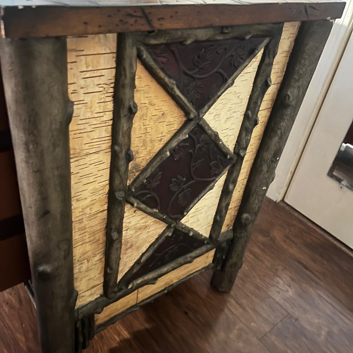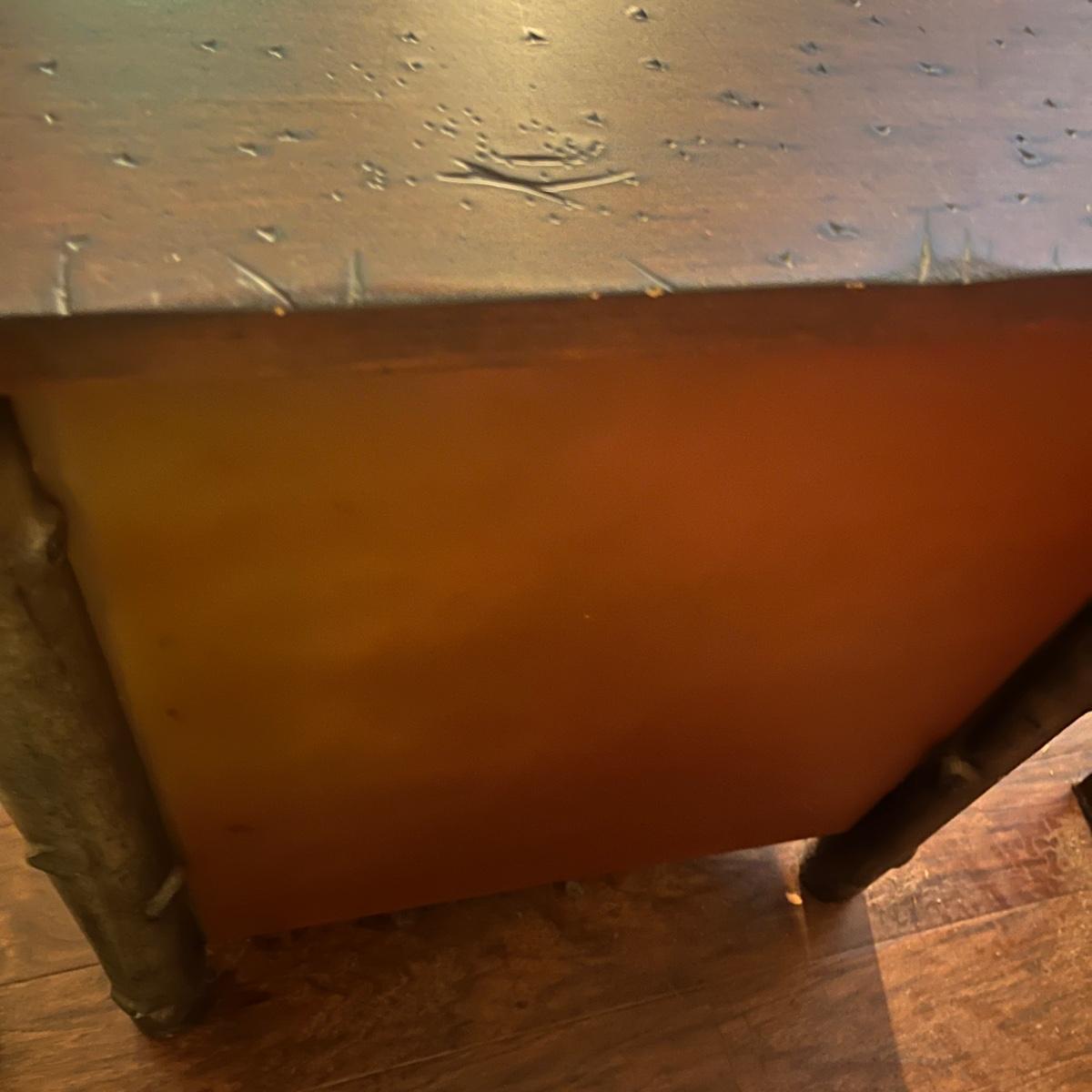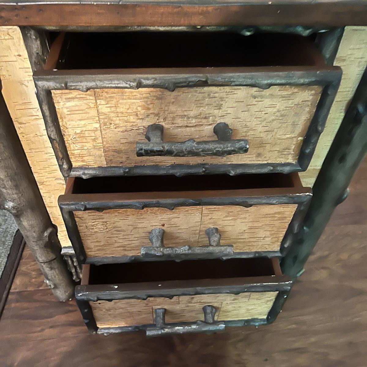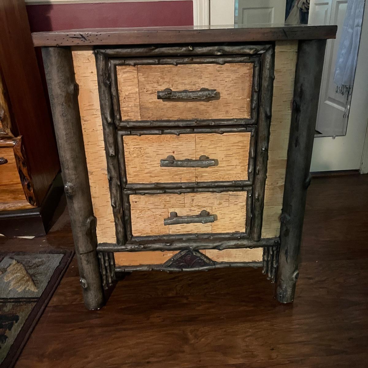 This end table has a distressed wood top with three drawers with what appears to be bark and faux wood front and sides. Piece measures 24” x 20” x 28”H. There is a chip on one drawer, see pictures.
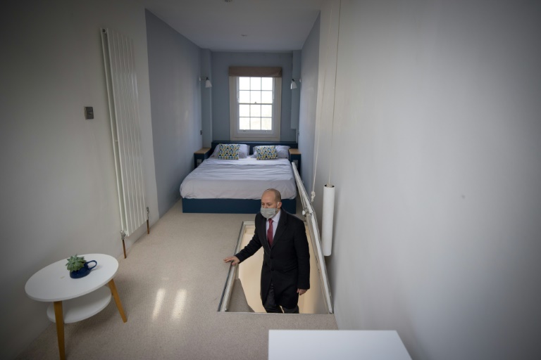 L'étrange propriété, dont la façade constitue une petite bande bleue foncée très discrète dans la rue, vient d'être mise en vente, estimée à 950.000 livres (1,1 million d'euros).
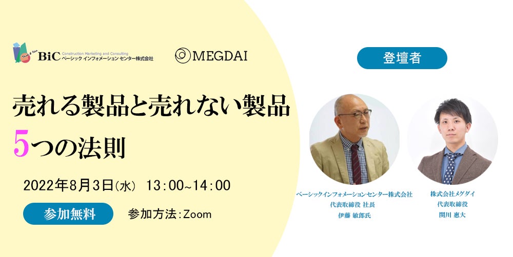 ベーシックインフォメンションセンター株式会社の代表 伊藤敏郎と株式会社メグダイの代表 関川惠大が共同オンラインセミナーを7/21(木)13時から開催する。参加費は無料なので、ご興味がある方はぜひご参加ください。
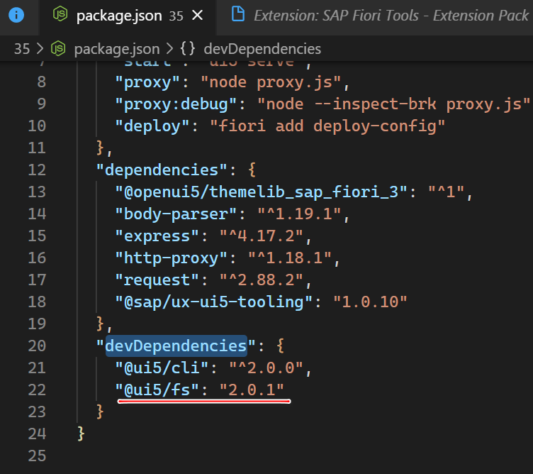 那么将 "@ui5/fs": "2.0.1" 添加到 devDependencies 区域:

→ **What you should do**
Reproduce the material word for word. Any pictures should be left out of the copy.

→ **Response**
 This end table has a distressed wood top with three drawers with what appears to be bark and faux wood front and sides. Piece measures 24” x 20” x 28”H. There is a chip on one drawer, see pictures.
 L'étrange propriété, dont la façade constitue une petite bande bleue foncée très discrète dans la rue, vient d'être mise en vente, estimée à 950.000 livres (1,1 million d'euros).
 ベーシックインフォメンションセンター株式会社の代表 伊藤敏郎と株式会社メグダイの代表 関川惠大が共同オンラインセミナーを7/21(木)13時から開催する。参加費は無料なので、ご興味がある方はぜひご参加ください。
 那么将 "@ui5/fs": "2.0.1" 添加到 devDependencies 区域:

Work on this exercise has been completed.